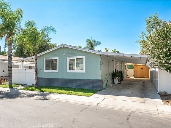 Moving-in ready home in the Redlands Ranch Family Park – Fully Renovated 3-Bedrooms plus optional flex room that can be used as a 4th bedroom. Bonus room shows ceiling fan and closet. This stunning home offers a modern, open-concept design and extensive high-end upgrades like, new metal stud framing on half the home and a new open interior layout. Stylish sidelight front door with Smart Lock Touch & Wi-Fi Deadbolt (fingerprint scanner) and smart switches. Vinyl rigid flooring throughout with updated baseboards and door trims. New AC condenser and ducts for comfort year-round. Newer tankless water heater, Fresh exterior paint, new carport awning, and extended driveway (fits 4 cars) New cement around the lot and built-in storage shed with lighting & independent breaker. Completely upgraded 100 Electrical Panel. Kitchen comes with: Quartz countertops and white shaker cabinets, pot filler above the stove and full backsplash. Soffit ceiling in kitchen and dining area with pocket lighting. Alexa smart recessed lighting throughout, plus eyeball lights in the living room. Bedrooms: Ceiling fans in all 3 bedrooms and bonus room. Spacious master suite with walk-in closet. Master bath: modern renovation with freestanding soaker tub & LED niche, LED Bluetooth mirror, floating sink vanity, frameless glass shower, and tower shower-head with jets. Hallway bath: fully renovated with frameless shower, floating vanity with storage, and LED mirror. Laundry Room, comes with white shaker cabinets & sink for convenience. Community Amenities: Sparkling swimming pool and welcoming clubhouse. This home comes with HOA and Space Rent. Located minutes away from the Redlands University, Downtown Redlands, Dinning and Freeway.Won't Last!!
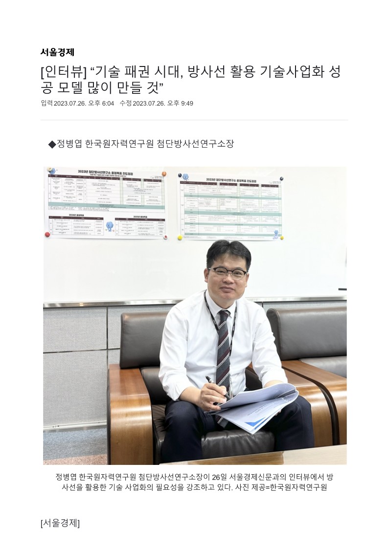 [인터뷰] “기술 패권 시대, 방사선 활용 기술사업화 성공 모델 많이 만들 것”
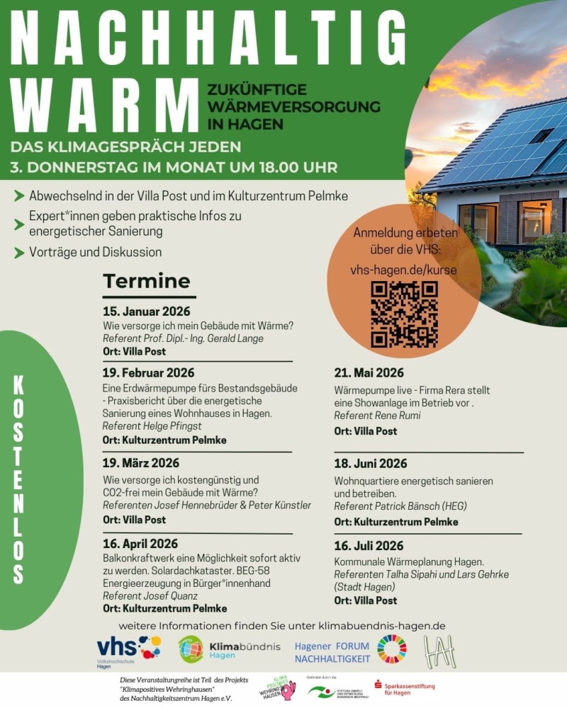 „Nachhaltig warm – zukünftige Wärmeversorgung in Hagen“ unter diesem Motto findet jeden 3. Donnerstag im Monat eine Veranstaltung zur Wärmeversorgung statt. Abwechselnd in der VHS und im Kulturzentrum Pelmke in Wehringhausen informieren Fachreferent:innen und Bürger:innen über Möglichkeiten seine Gebäude nach neuesten Kriterien anzupassen.
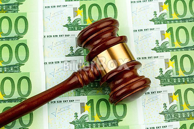 Beschreibung Richterhammer und Euro-Geldscheine. Symbolfoto für Kosten bei Gericht, Rechtsstaat und Auktionen
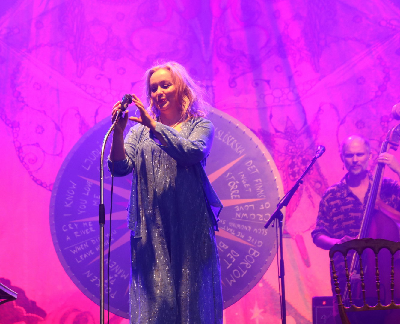 Det finns mycket gott att säga om scenartisten Lisa Ekdahl. Hon har en påtaglig scennärvaro och karisma. Hon babblar på om kärlek och längtan mellan låtarna. Det är litet hippiestämning och det förstärks av scenbilden. Hon berättar, som hon gjort så många gånger förr, om hur skivdebuten ändrade hennes liv och hur tacksam hon är för det.
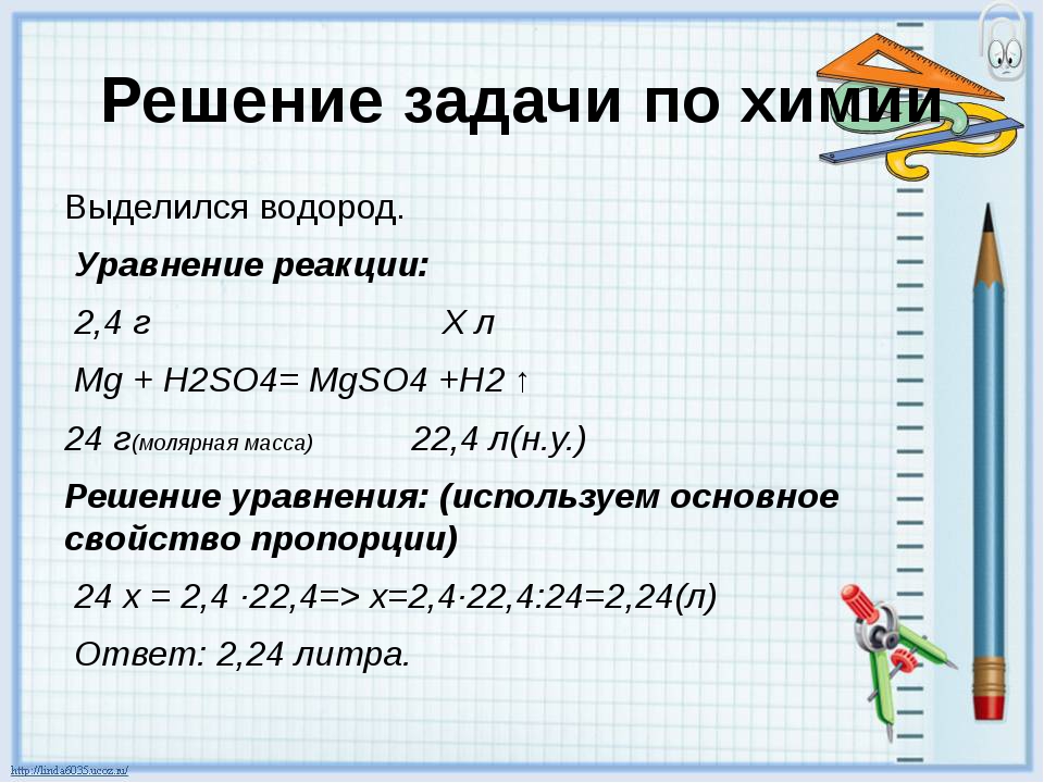 Базой для решения сложных химических задач являются простейшие уравнения, описывающие процесс химической реакции (такие задания есть и в ЕГЭ). Требуется, исходя из известной массы одного из веществ, вступающих в реакцию, рассчитать массу одной из производных реакции.
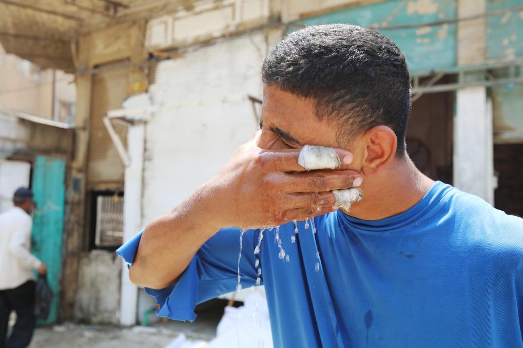 7月28日,一名男子在伊拉克首都巴格达街头用水洗脸降温。新华社发(哈利勒·达伍德摄)
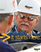 Our core values of sustainability and safety, combined with our portfolio of phosphate and potash, our financial strength and our unparalleled global reach help us to achieve our goal of being recognized as the best...
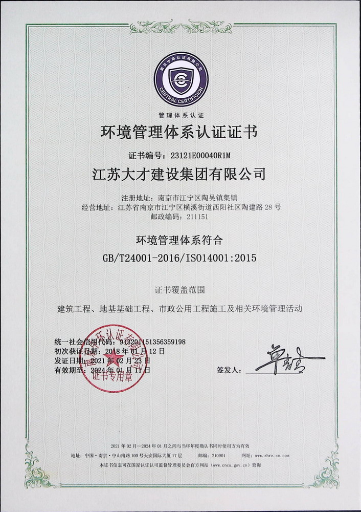 环境管理体系认证证书
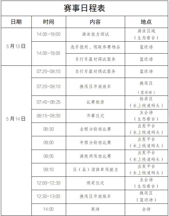 赛前3天通过“重庆垫江铁人三项公开赛”微信公众号发布比赛出发名单。
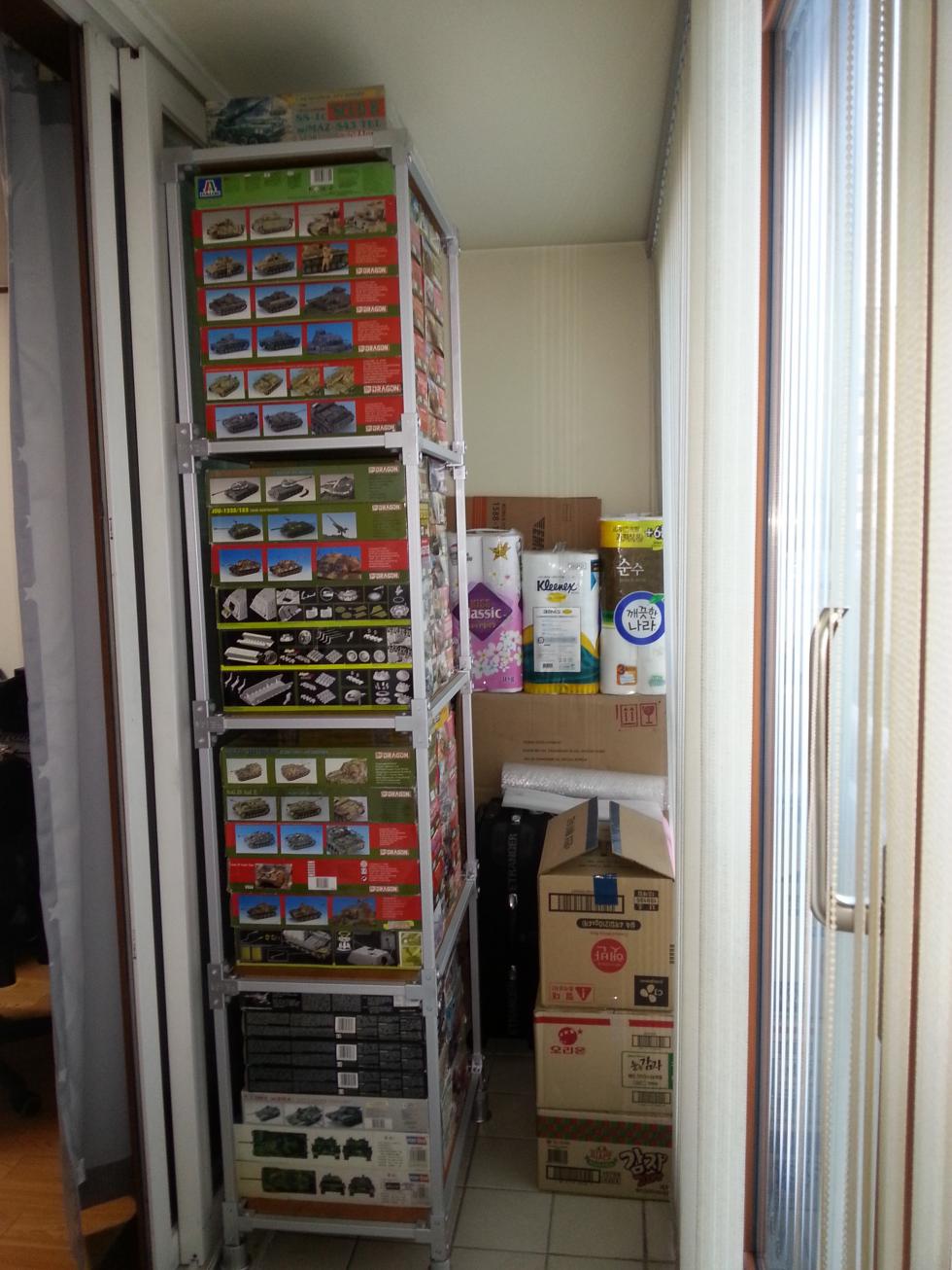 베란다에 장식장을 하나더 설치해서 보관하고 있습니다.
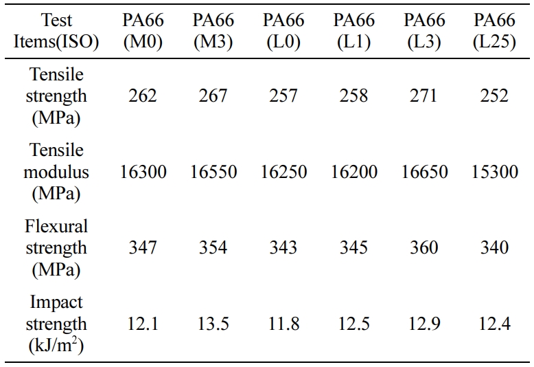 PA66 (L3) 소재임을 보여주었고, 제일 높은 인장강도값인 271MPa를 보여주었다. 농도에 따른 각 소재의 물성변화를 Table 2에 요약하였다.
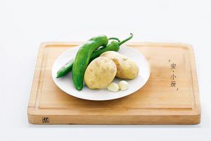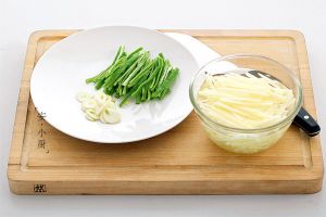 土豆刮皮,洗净后切成粗细均匀的丝,泡在水中,这样可以避免变黑,也可以去掉其中的淀粉,炒之前捞出沥干。绿尖椒去籽、去蒂,切成与土豆丝相仿的丝。蒜切成片。
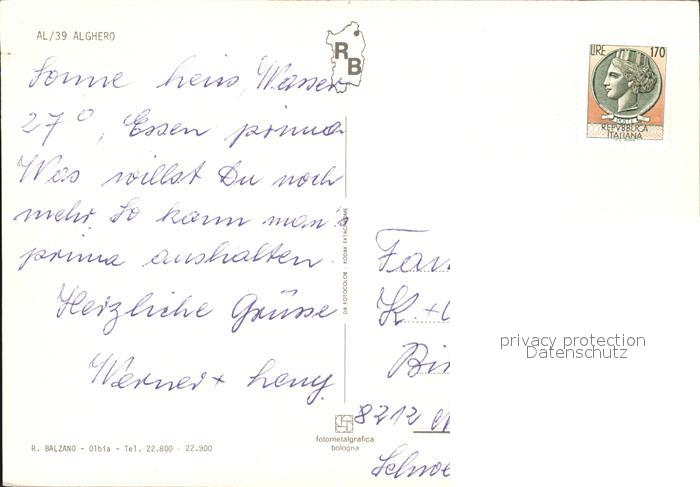 Alghero Steinkueste postalisch nicht gelaufen Erhaltung siehe scans
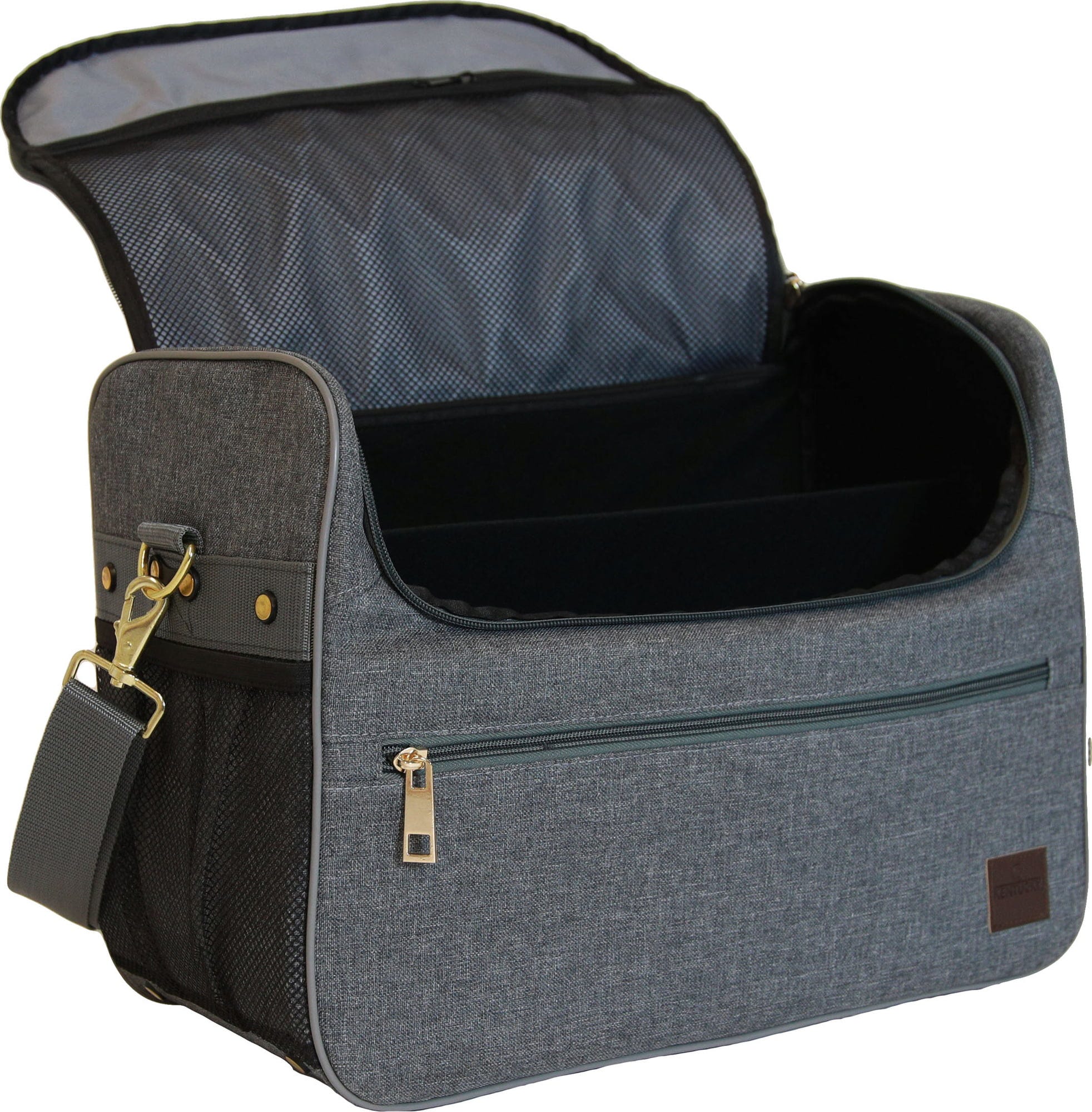 Diese Putztasche hat ein widerstandsfähiges Außenmaterial. Mit Fach für kleine Gegenstände und großes Fach für Mähnengummis, Nadeln und Fäden. Netztaschen an beiden Seiten. Dank Klettverschlüssen kann das Innere je nach belieben organisiert werden. Der Riemen mit Schulterpolster kann abgenommen werden. Mit Füßen am Boden.

Work required =>
Write out again, exactly, the lines from the start of the listing up to the line containing "Beschreibung Richterhammer und", with both ends and without pictures.

Finished exercise =>
 Moving-in ready home in the Redlands Ranch Family Park – Fully Renovated 3-Bedrooms plus optional flex room that can be used as a 4th bedroom. Bonus room shows ceiling fan and closet. This stunning home offers a modern, open-concept design and extensive high-end upgrades like, new metal stud framing on half the home and a new open interior layout. Stylish sidelight front door with Smart Lock Touch & Wi-Fi Deadbolt (fingerprint scanner) and smart switches. Vinyl rigid flooring throughout with updated baseboards and door trims. New AC condenser and ducts for comfort year-round. Newer tankless water heater, Fresh exterior paint, new carport awning, and extended driveway (fits 4 cars) New cement around the lot and built-in storage shed with lighting & independent breaker. Completely upgraded 100 Electrical Panel. Kitchen comes with: Quartz countertops and white shaker cabinets, pot filler above the stove and full backsplash. Soffit ceiling in kitchen and dining area with pocket lighting. Alexa smart recessed lighting throughout, plus eyeball lights in the living room. Bedrooms: Ceiling fans in all 3 bedrooms and bonus room. Spacious master suite with walk-in closet. Master bath: modern renovation with freestanding soaker tub & LED niche, LED Bluetooth mirror, floating sink vanity, frameless glass shower, and tower shower-head with jets. Hallway bath: fully renovated with frameless shower, floating vanity with storage, and LED mirror. Laundry Room, comes with white shaker cabinets & sink for convenience. Community Amenities: Sparkling swimming pool and welcoming clubhouse. This home comes with HOA and Space Rent. Located minutes away from the Redlands University, Downtown Redlands, Dinning and Freeway.Won't Last!!
 [인터뷰] “기술 패권 시대, 방사선 활용 기술사업화 성공 모델 많이 만들 것”
 „Nachhaltig warm – zukünftige Wärmeversorgung in Hagen“ unter diesem Motto findet jeden 3. Donnerstag im Monat eine Veranstaltung zur Wärmeversorgung statt. Abwechselnd in der VHS und im Kulturzentrum Pelmke in Wehringhausen informieren Fachreferent:innen und Bürger:innen über Möglichkeiten seine Gebäude nach neuesten Kriterien anzupassen.
 Beschreibung Richterhammer und Euro-Geldscheine. Symbolfoto für Kosten bei Gericht, Rechtsstaat und Auktionen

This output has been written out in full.